BRB No. 95-1111 BLA
DOUGLAS W. FLYNN ) )
Claimant-Respondent )
)
v. )
)
GRUNDY MINING COMPANY ) )
Employer-Petitioner )
)
DIRECTOR, OFFICE OF WORKERS' ) DATE ISSUED: 07/27/1995
COMPENSATION PROGRAMS, UNITED )
STATES DEPARTMENT OF LABOR )
) DECISION and ORDER
Party-in-Interest ) On RECONSIDERATION
Appeal of the Decision and Order on Remand of Fletcher E. Campbell, Jr., Administrative Law
Judge, United States Department of Labor.
Ronald E. Gilbertson (Kilcullen, Wilson and Kilcullen, Chartered), Washington,
D.C.,
for employer.
Before: SMITH, BROWN and McGRANERY, Administrative Appeals Judges.
PER CURIAM:
Employer has filed a Motion for Reconsideration requesting en banc review of the
Board's
Decision and Order in Flynn v. Grundy Mining Co. [Flynn IV], BRB No. 95-1111 BLA
(July 27,
1995)(unpub.), wherein the Board affirmed the administrative law judge's award of benefits on
a duplicate
claim.
In discussing the instant case the Board, in Flynn IV,[1]
first noted that in order to establish a material change in conditions under Ross,
claimant must now
prove, through the submission of new evidence, that he is totally disabled and/or that his
disability is due to
pneumoconiosis. See Flynn IV, supra.
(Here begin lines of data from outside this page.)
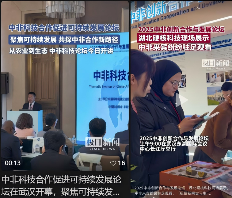 楚天都市报旗下视频号“极目育见”发挥新媒体传播优势,对论坛内容进行了可视化提炼与传播,通过浓缩研讨精彩瞬间、展示成果展实况、聚焦行动计划发布环节等方式,生动传递了中非合作的丰硕成果与现场热度。
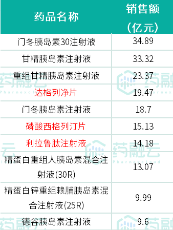 2021年糖尿病药物市场的院内销售额TOP10品种
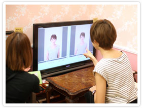 撮影前に姿勢、表情の出し方などについて簡単なカウンセリングとレッスンを無料で行います。とかく緊張しがちな証明写真の撮影、ましてや初めてのフォトスタジオでの撮影の方にはなおさらです。 まずは緊張をほぐし、いい姿勢と表情になれるように、カウンセリング(数分ほど)を行います。これを行うと行わないでは、姿勢も表情も、そして写真から受ける印象も違います。
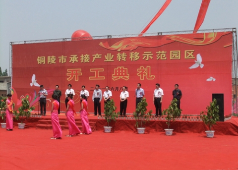 2011年6月8日上午陽光和煦、微風徐徐,東聯(lián)鄉(xiāng)永太路施工現(xiàn)場花團錦簇,彩旗飄揚。銅陵市承接產(chǎn)業(yè)轉(zhuǎn)移示范園區(qū)工程建設開工奠基儀式在這里隆重舉行。
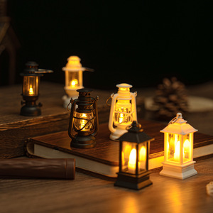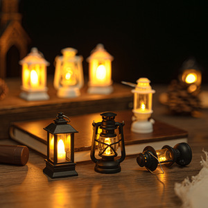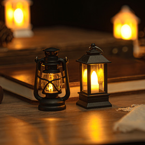 圣诞节欧式迷你小风灯摆件复古led电子蜡烛氛围灯 创意微缩小马灯
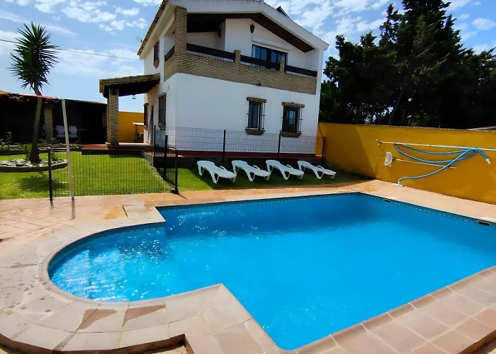 Chalet Con Piscina Y Jardin Privado No Aceptamos Grupos De Jovenes Conil De La Frontera lies 10 minutes' drive from Club de Golf Campano. Wi-Fi and parking are among the essentials at guests' disposal.
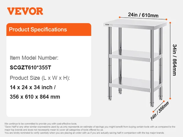 VEVOR Stainless Steel Food Prep Table, 14 x 24 x 34 Inch Commercial Kitchen Worktable, with 2 Adjustable Undershelf, Heavy Duty Prep Table Metal Work Table for BBQ, Kitchen, Home, and Garage
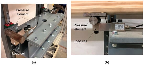 (a) Pressure element with load cells; (b) the side profile of the load cell during fatigue of a wood specimen.
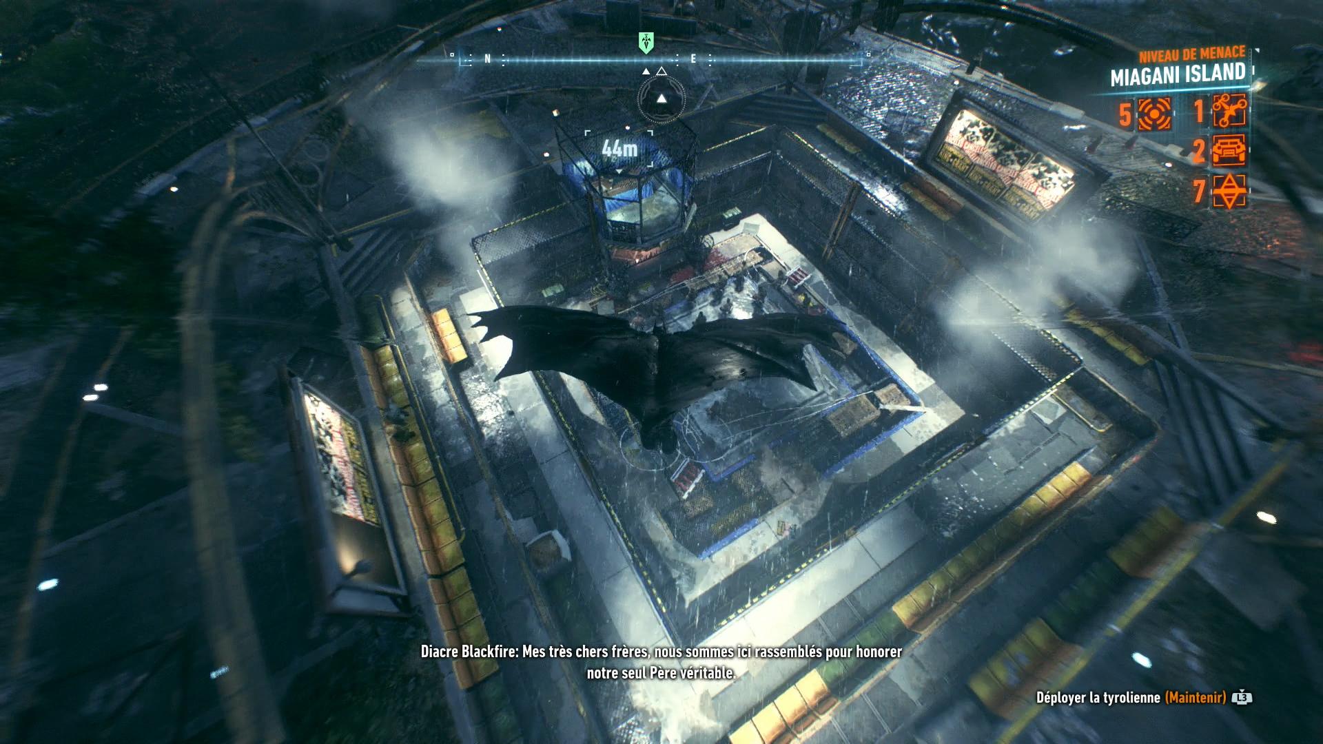 On pourra néanmoins compter sur l’Epouvantail pour apporter ce petit plus scénaristiques même si ici, c’est plutôt raté vu que sa présence reste anecdotique alors qu’à l’inverse son plan diabolique est mis en avant. On peut dire la même chose du Joker qui est mort à la fin d’Arkham City, mais qui est plus présent dans ce Knight. Comment ? Par le biais d’hallucinations que possède Batman, et que vous aurez à souffrir durant ces vingt heures de jeu. On peut dire que l’histoire d’Arkham Knight, est bonne tout en étant décevante, que se ce soit pour les joueurs lambda que les fans, surtout lorsqu’on le sait l’importance de la révélation finale sur la vie de Bruce Wayne.

In applying this standard the Board held that
inasmuch as the
administrative law judge has considered all of the new evidence, favorable and unfavorable, and
permissibly
determined that the 1984 medical opinion of Dr. Fritzhand is sufficient to establish total
disability at 20
C.F.R. §718.204(c), claimant has established a material change in conditions as a matter
of law.
Id.
In its Motion for Reconsideration, employer argues that the Board improperly made a de
novo
finding that the evidence is sufficient to establish a material change in conditions under the
standard
enunciated by the United States Court of Appeals for the Sixth Circuit in Sharondale Corp.
v. Ross,
42 F.3d 993, 19 BLR 2-10 (6th Cir. 1994). Employer asserts that the case must be remanded for
the
administrative law judge to explain whether he merely disagreed with the previous
characterization of Dr.
Fritzhand's opinion, or whether he believes there is some rational basis to conclude that there
is a
qualitative difference between Dr. Fritzhand's 1980 and 1984 opinions.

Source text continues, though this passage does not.